**Task brief:** All entries need to be written out again exactly, without their pictures.

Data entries
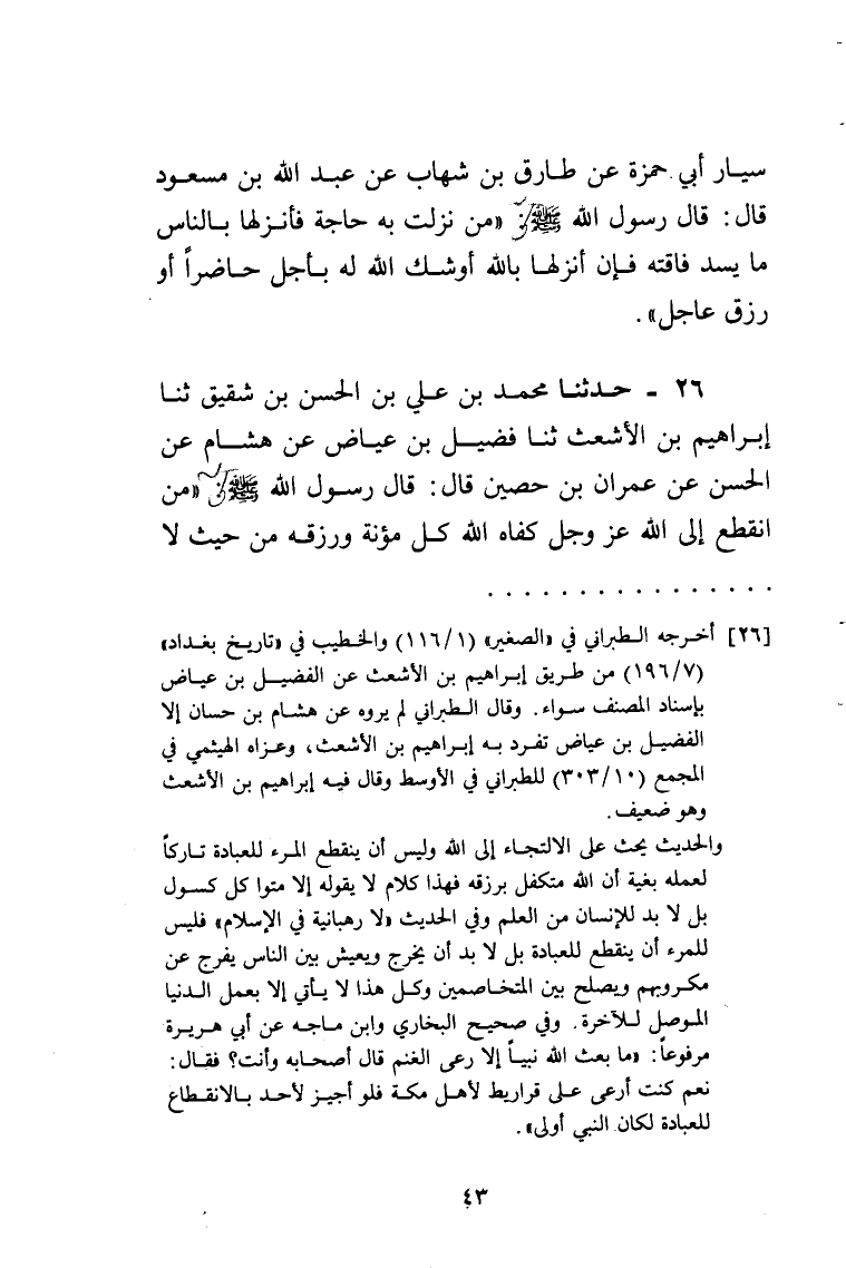26 - حَدَّثَنَا مُحَمَّدُ بْنُ عَلِيِّ بْنِ الْحَسَنِ بْنِ شَقِيقٍ، ثنا إِبْرَاهِيمُ بْنُ الْأَشْعَثَ، ثنا فُضَيْلُ بْنُ عِيَاضٍ، عَنْ هِشَامٍ، عَنِ الْحَسَنِ، عَنْ عِمْرَانَ بْنِ الْحُصَيْنِ، قَالَ: قَالَ رَسُولُ اللَّهِ صَلَّى اللهُ عَلَيْهِ وَسَلَّمَ: «§مَنِ انْقَطَعَ إِلَى اللَّهِ عَزَّ وَجَلَّ كَفَاهُ اللَّهُ كُلَّ مُؤُونَةٍ، وَرَزَقَهُ مِنْ حَيْثُ لَا -[44]- يَحْتَسِبُ، وَمَنِ انْقَطَعَ إِلَى الدُّنْيَا وَكَّلَهُ اللَّهُ إِلَيْهَا»
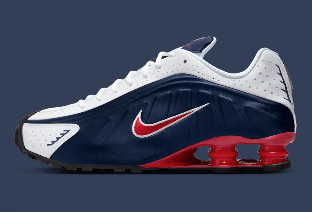 Back with a bang for Independence Day 2025, the Nike Shox R4 “USA” makes a bold return, channeling early 2000s energy, patriotic pride, and Olympic-inspired flair. First released in 2020 and subtly linked to Vince Carter’s dominant Team USA performance, this reissue lands just in time to turn heads at cookouts, parties, and fireworks shows alike. The upper features a crisp white synthetic base with deep navy overlays that hug the sides in aerodynamic fashion. Bright red Shox columns under the heel provide signature bounce and visual punch, while matching red accents hit the Swoosh, outlined in white for extra pop. And in a subtle update for 2025, Nike introduces a black outsole with red circular grip zones, blending style with enhanced traction. Whether you’re chasing summer nostalgia, basketball legacy, or just love a red-white-and-blue moment, the Shox R4 “USA” delivers bold looks and bouncy comfort in one patriotic package. Fireworks not included, but the flex is guaranteed.
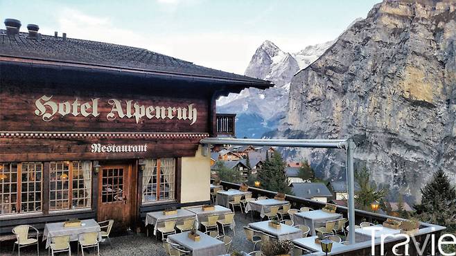 쉴트호른으로 가는 가장 흔한 방법은 브리그(Brig)와 뮈렌(Murren)을 거치는 것이다. 쉴트호른으로 가기 바로 전 정거장인 해발 2,677m의 브리그에는 전망대가 잘 조성되어 있고, 까마득한 절벽 위에 설치된 클리프 워크(Cliff Walk)에선 막간 담력 테스트를 하는 듯한 짜릿함을 맛볼 수 있다. 쉴트호른과 브리그가 산 정상에 마련된 정거장이라면 뮈렌은 고산 중턱에 자리한 소박한 마을이다. 해발 1,645m 평평한 절벽에 아슬아슬하게 자리한 듯 보이는 이곳은 쉴트호른으로 향하는 케이블카의 마지막 환승지다. 블루멘탈(Blumental) 계곡과 알프스 산들이 절경을 이루는 이곳에 있는 호텔 알펜루(Hotel Alpenruh)는 특히 한국인 커플들이 꿈꾸는 신혼 여행지란다. 이유는 굳이 묻지 않아도 잘 알겠다. 창문만 열어도 영화 같은 알프스 장면이 온종일 펼쳐질 테니 말이다.
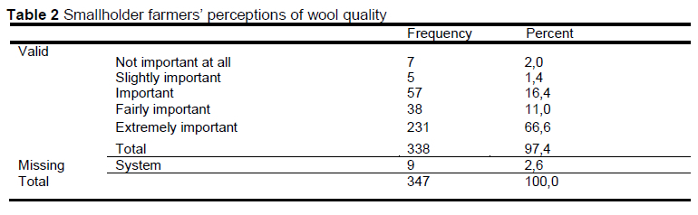 The results from Table 1 indicate that the coefficient of wool quality is negative and has a statistically significant influence on the variation in the efficiency of wool production. This implies that the better the quality of wool, the higher the probability of production efficiency (i.e., inefficiency decreases). This can be attributed to the fact that better wool quality means a better wool price and increased farming income. Most (66.6%) of the smallholder farmers in the study indicated that the quality of the wool they produce is extremely important, while 2% of farmers indicated that they do not consider the quality of wool to be important at all (Table 2). This shows that there is a need to educate farmers on the importance of wool quality in terms of the overall efficiency of their wool production.
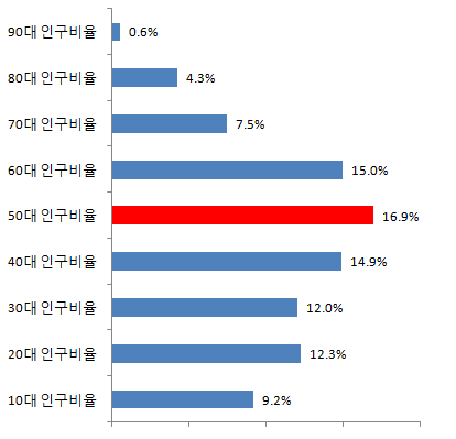 충청북도 50대 인구비율 16.9%
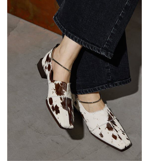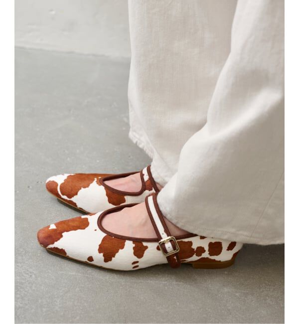 《WEB+一部店舗限定》人気のフラットにヘアカーフのホルスタイン柄が登場。ホワイトベースで足元に明るさをプラスできる1足です。取り外し可能なアンクレットがポイントになったレザーフラット。継.. |
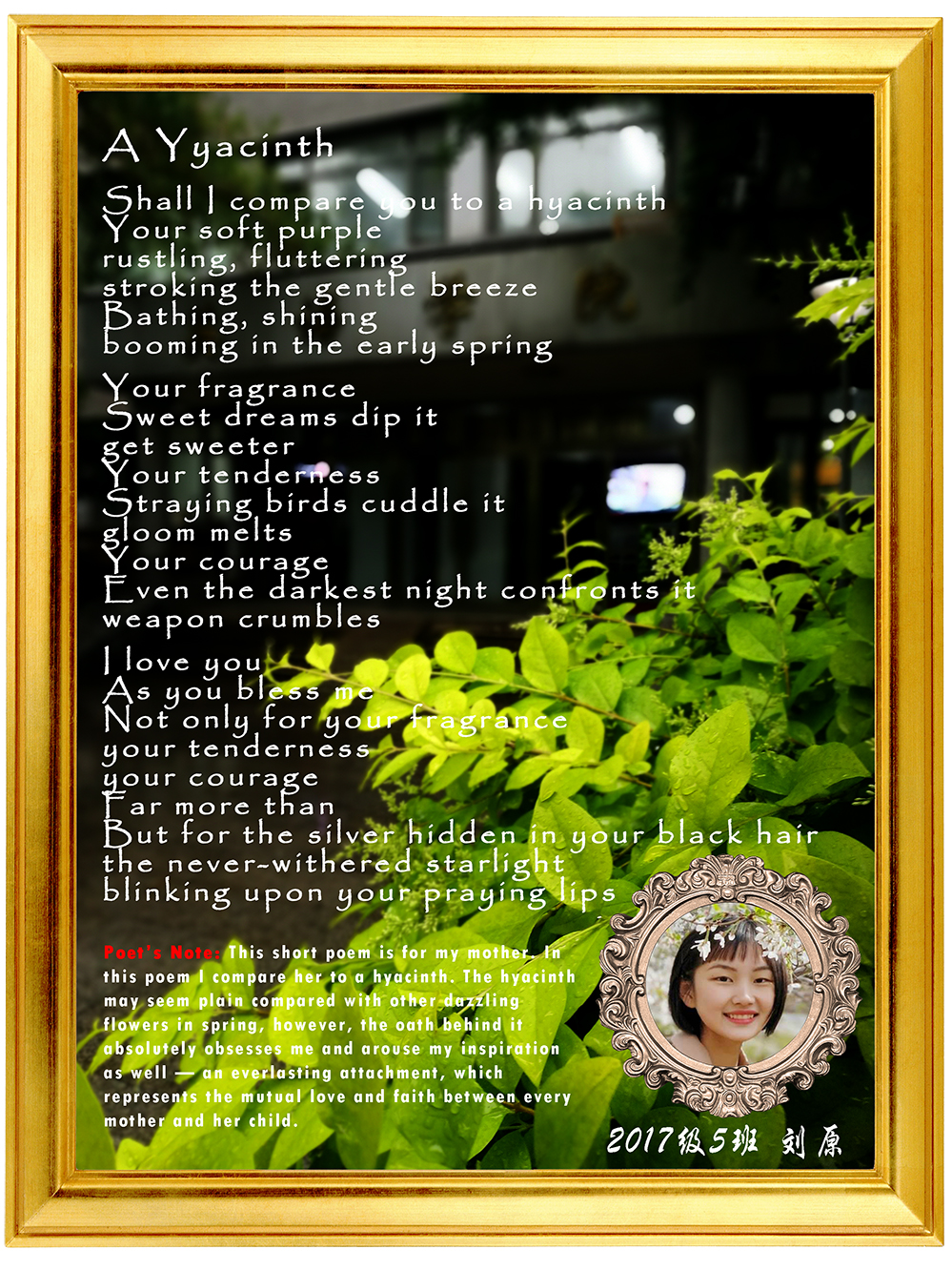 ——2018年春季学期,为丰富教学内容及激发学生学习兴趣,“英语批判性阅读(精读)2:文学与人生”课程教研组依托教材相关内容,组织学院2017级共7个班所有本科学生开展了“英文诗歌创作”活动,同学们积极参与,均提交了优秀作品,经过同学间相互赏读和评议,甄选出最受欢迎的21首英文诗歌作品,特此展示。此次活动中,同学们展现出高涨的热情、非凡的创造力、丰富的情感知识、健康的审美情趣、深刻的生活感悟,以及优秀的英文书面表达能力。

**Your response:**
26 - حَدَّثَنَا مُحَمَّدُ بْنُ عَلِيِّ بْنِ الْحَسَنِ بْنِ شَقِيقٍ، ثنا إِبْرَاهِيمُ بْنُ الْأَشْعَثَ، ثنا فُضَيْلُ بْنُ عِيَاضٍ، عَنْ هِشَامٍ، عَنِ الْحَسَنِ، عَنْ عِمْرَانَ بْنِ الْحُصَيْنِ، قَالَ: قَالَ رَسُولُ اللَّهِ صَلَّى اللهُ عَلَيْهِ وَسَلَّمَ: «§مَنِ انْقَطَعَ إِلَى اللَّهِ عَزَّ وَجَلَّ كَفَاهُ اللَّهُ كُلَّ مُؤُونَةٍ، وَرَزَقَهُ مِنْ حَيْثُ لَا -[44]- يَحْتَسِبُ، وَمَنِ انْقَطَعَ إِلَى الدُّنْيَا وَكَّلَهُ اللَّهُ إِلَيْهَا»
 Back with a bang for Independence Day 2025, the Nike Shox R4 “USA” makes a bold return, channeling early 2000s energy, patriotic pride, and Olympic-inspired flair. First released in 2020 and subtly linked to Vince Carter’s dominant Team USA performance, this reissue lands just in time to turn heads at cookouts, parties, and fireworks shows alike. The upper features a crisp white synthetic base with deep navy overlays that hug the sides in aerodynamic fashion. Bright red Shox columns under the heel provide signature bounce and visual punch, while matching red accents hit the Swoosh, outlined in white for extra pop. And in a subtle update for 2025, Nike introduces a black outsole with red circular grip zones, blending style with enhanced traction. Whether you’re chasing summer nostalgia, basketball legacy, or just love a red-white-and-blue moment, the Shox R4 “USA” delivers bold looks and bouncy comfort in one patriotic package. Fireworks not included, but the flex is guaranteed.
 쉴트호른으로 가는 가장 흔한 방법은 브리그(Brig)와 뮈렌(Murren)을 거치는 것이다. 쉴트호른으로 가기 바로 전 정거장인 해발 2,677m의 브리그에는 전망대가 잘 조성되어 있고, 까마득한 절벽 위에 설치된 클리프 워크(Cliff Walk)에선 막간 담력 테스트를 하는 듯한 짜릿함을 맛볼 수 있다. 쉴트호른과 브리그가 산 정상에 마련된 정거장이라면 뮈렌은 고산 중턱에 자리한 소박한 마을이다. 해발 1,645m 평평한 절벽에 아슬아슬하게 자리한 듯 보이는 이곳은 쉴트호른으로 향하는 케이블카의 마지막 환승지다. 블루멘탈(Blumental) 계곡과 알프스 산들이 절경을 이루는 이곳에 있는 호텔 알펜루(Hotel Alpenruh)는 특히 한국인 커플들이 꿈꾸는 신혼 여행지란다. 이유는 굳이 묻지 않아도 잘 알겠다. 창문만 열어도 영화 같은 알프스 장면이 온종일 펼쳐질 테니 말이다.
 The results from Table 1 indicate that the coefficient of wool quality is negative and has a statistically significant influence on the variation in the efficiency of wool production. This implies that the better the quality of wool, the higher the probability of production efficiency (i.e., inefficiency decreases). This can be attributed to the fact that better wool quality means a better wool price and increased farming income. Most (66.6%) of the smallholder farmers in the study indicated that the quality of the wool they produce is extremely important, while 2% of farmers indicated that they do not consider the quality of wool to be important at all (Table 2). This shows that there is a need to educate farmers on the importance of wool quality in terms of the overall efficiency of their wool production.
 충청북도 50대 인구비율 16.9%
 《WEB+一部店舗限定》人気のフラットにヘアカーフのホルスタイン柄が登場。ホワイトベースで足元に明るさをプラスできる1足です。取り外し可能なアンクレットがポイントになったレザーフラット。継.. |
 ——2018年春季学期,为丰富教学内容及激发学生学习兴趣,“英语批判性阅读(精读)2:文学与人生”课程教研组依托教材相关内容,组织学院2017级共7个班所有本科学生开展了“英文诗歌创作”活动,同学们积极参与,均提交了优秀作品,经过同学间相互赏读和评议,甄选出最受欢迎的21首英文诗歌作品,特此展示。此次活动中,同学们展现出高涨的热情、非凡的创造力、丰富的情感知识、健康的审美情趣、深刻的生活感悟,以及优秀的英文书面表达能力。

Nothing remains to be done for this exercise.